All other parameters in the model, (\(\sigma_{\text{LR}}\), \(\omega\), \(\theta\), \(\sigma\)), have lognormal priors to constrain them to be positive.

The priors on the hyper-parameters are weakly infomative - chosen to cover the feasiable range of parameter values with a lot of uncertainty.

By setting the model up in this way, Stan can fit for both the shape of the growth curve - as this is determined by \(\theta\) and \(\omega\) - and the loss ratios for each cohort simultaneously.

4.1 Weibull vs Log-logistic

We have no prior preference for using either the Weibull or the Log-logistic function to model the growth of the losses.

Visuals are important in this case so we first look at how the two functions differ in value for a given set of parameters.

There are references that the Weibull function tends to result in heavier losses in the model, but we have no empirical evidence for such a claim.
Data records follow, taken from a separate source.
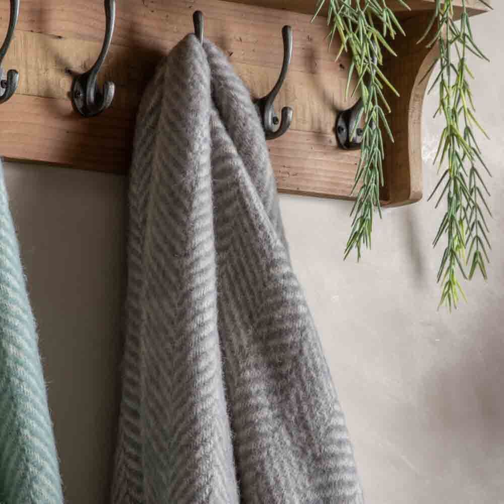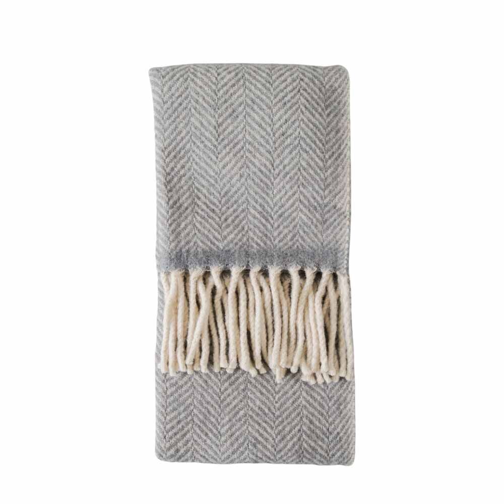 Beautifully soft 100% wool throw in a herringbone design, roll packaged with cream ribbon.
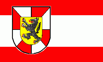 Shield gyronny of eight of Gules and Argent, inescutcheon Or charged with a wolf rampant Sable armed and tongued Gules. The shield on flag has a thin white fimbriation.
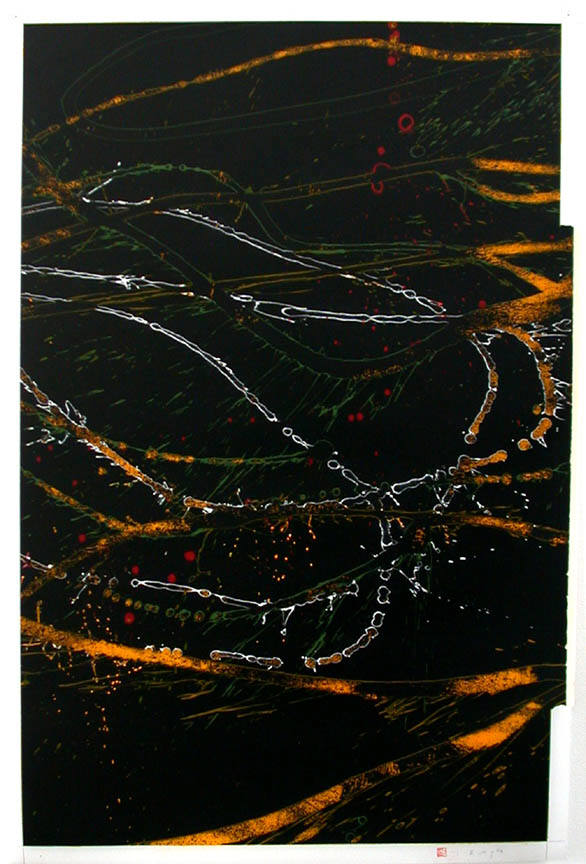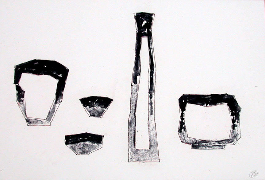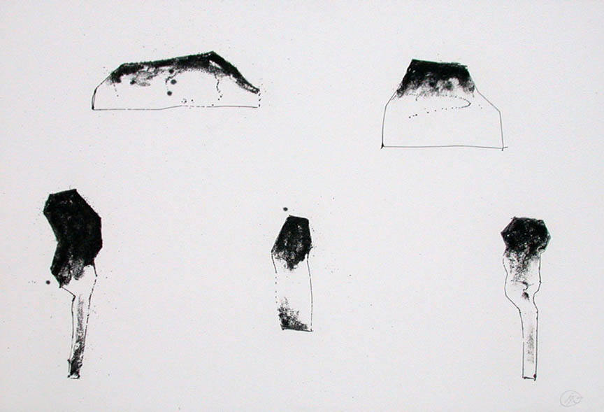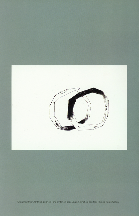 Craig Kauffman (born 1932 in Los Angeles) has produced a new body of drawings in the past two years, and selected works will be included in this exhibit. Many of these works demonstrate Kauffman's facility with simple and playful line, sometimes depicting common objects such as tea bowls. However, Kauffman's recent subject matter has also included the playfully erotic image of a high-heeled shoe, or he has ventured into abstraction. Craig Kauffman's buoyant line has always been a part of his repertoire, and is a key element of the paintings, ranging from the abstract canvases of the 1950s to the silk paintings of the 1980s and 1990s. "By all accounts, one of the most gifted and precocious of the Ferus artists was Craig Kauffman," wrote Susan C. Larsen in an essay titled Los Angeles Painting in the Sixties.
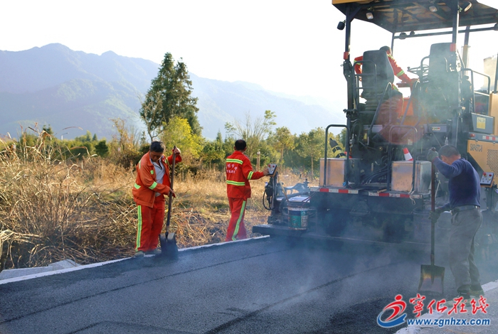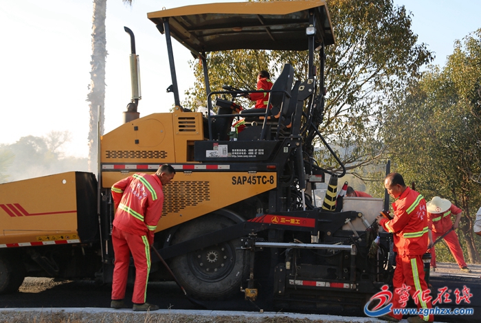 近日,在湖村蛟湖文旅小鎮彩虹步道施工現場,工人往來忙碌,壓路機正來回作業。該步道全長350米,此時,工人們正在鋪設瀝青路面的最后一層。
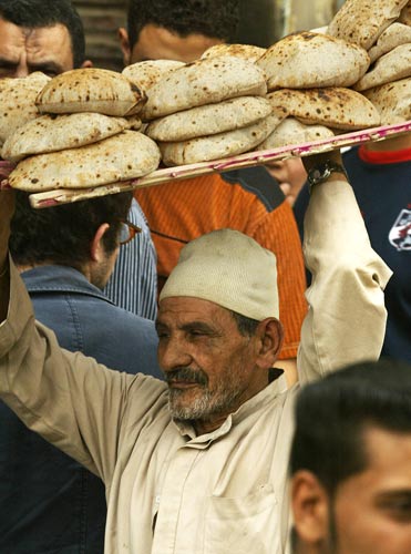 A vendor carries a rack of bread in the Nile Delta city of Mahalla, Egypt, north of Cairo, on April 6, 2008. The country is in the grip of a serious bread crisis brought on by the rising cost of wheat.
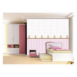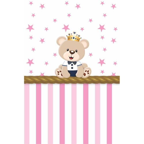 Papel De Parede Adesivo Infantil Ursinho Rosa 300X52Cm
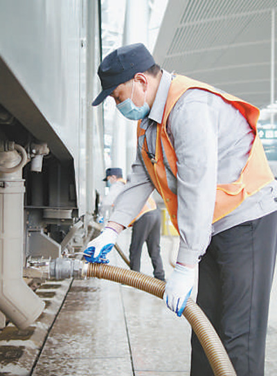 吸污組沿著狹長的車廂線作業(yè),隊員的耳麥里,不時響起離站時間的提醒。以車廂為界,一側(cè)是匆忙下車的旅客,一側(cè)是緊張作業(yè)的小分隊。
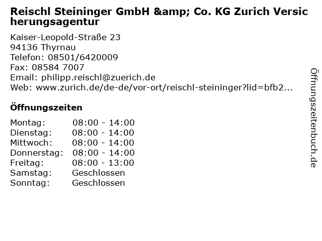 Branchen & Suchbegriffe zu Reischl Steininger GmbH & Co. KG Zurich Versicherungsagentur:agentur, reischl, steininger, versicherung, versicherungsagentur, versicherungsvertreter, zurich |
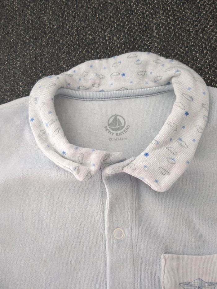 Pyjama en velours bleu ciel petit bateau 74cm - photo numéro 2
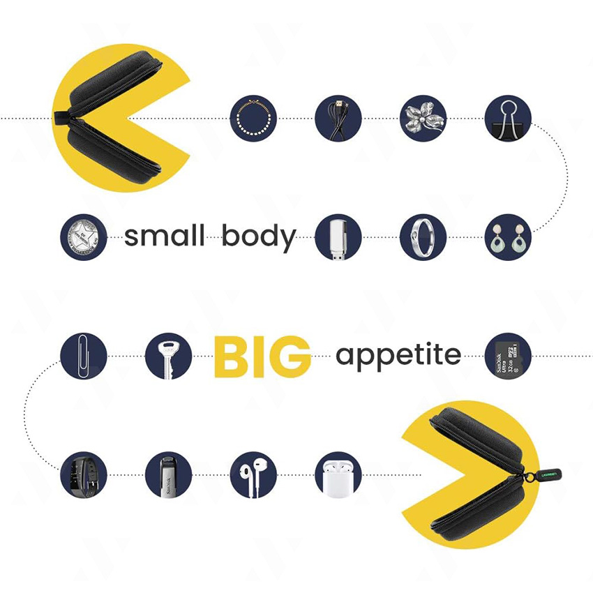 Hộp nhựa đựng tai nghe Ugreen 70576 là sản phẩm phụ kiện lưu trữ đa năng, được thiết kế để bảo vệ tai nghe, earbuds và các phụ kiện nhỏ khỏi va chạm, nước và bụi bẩn. Với chất liệu EVA cứng chống sốc, lớp lót mềm bên trong và kích thước nhỏ gọn, hộp này là lựa chọn lý tưởng cho người dùng di động, giúp tổ chức và bảo quản tai nghe AirPods, Bluetooth earbuds hoặc các vật dụng nhỏ như USB, thẻ nhớ một cách an toàn.
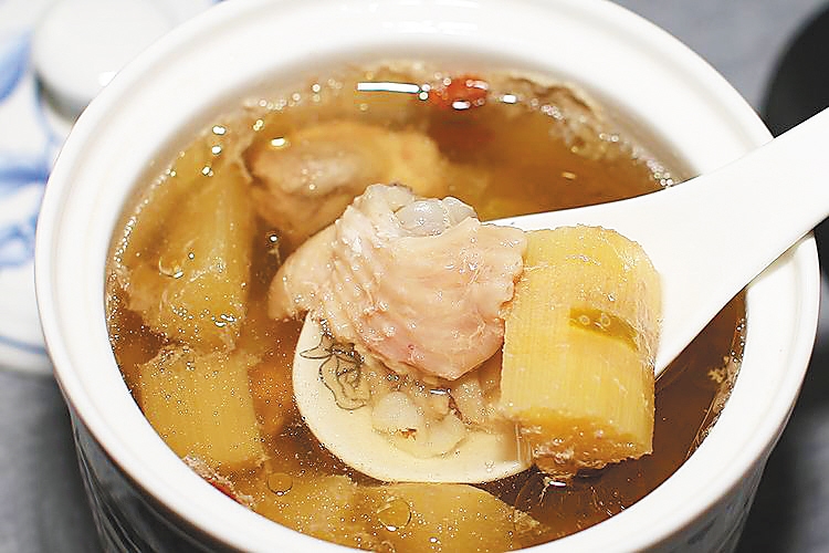 清甜多汁的甘蔗,也是煲汤的好食材。在海南,有的人喜欢拿甘蔗来烤,还喜欢用来煮汤。甘蔗去皮后,切成小段,配上枸杞、板栗、马蹄等“煲汤伴侣”,加入鲜美的鸡肉或排骨共同慢炖,随着甘蔗汁慢慢渗透至汤汁中,清甜浓郁的口味引人回味。

It is true that for any given set of values for \((\omega, \theta)\) the log-logistic function plateaus at smaller levels of \(t\), but this seems no guarantee to me: the model could just choose different values for the parameters to counteract this.

To test for this, let us treat the Log-logistic function as the ‘true’ value and then try to fit a new set of parameters \((\omega, \theta)\) to see how well a different set of parameters can match another.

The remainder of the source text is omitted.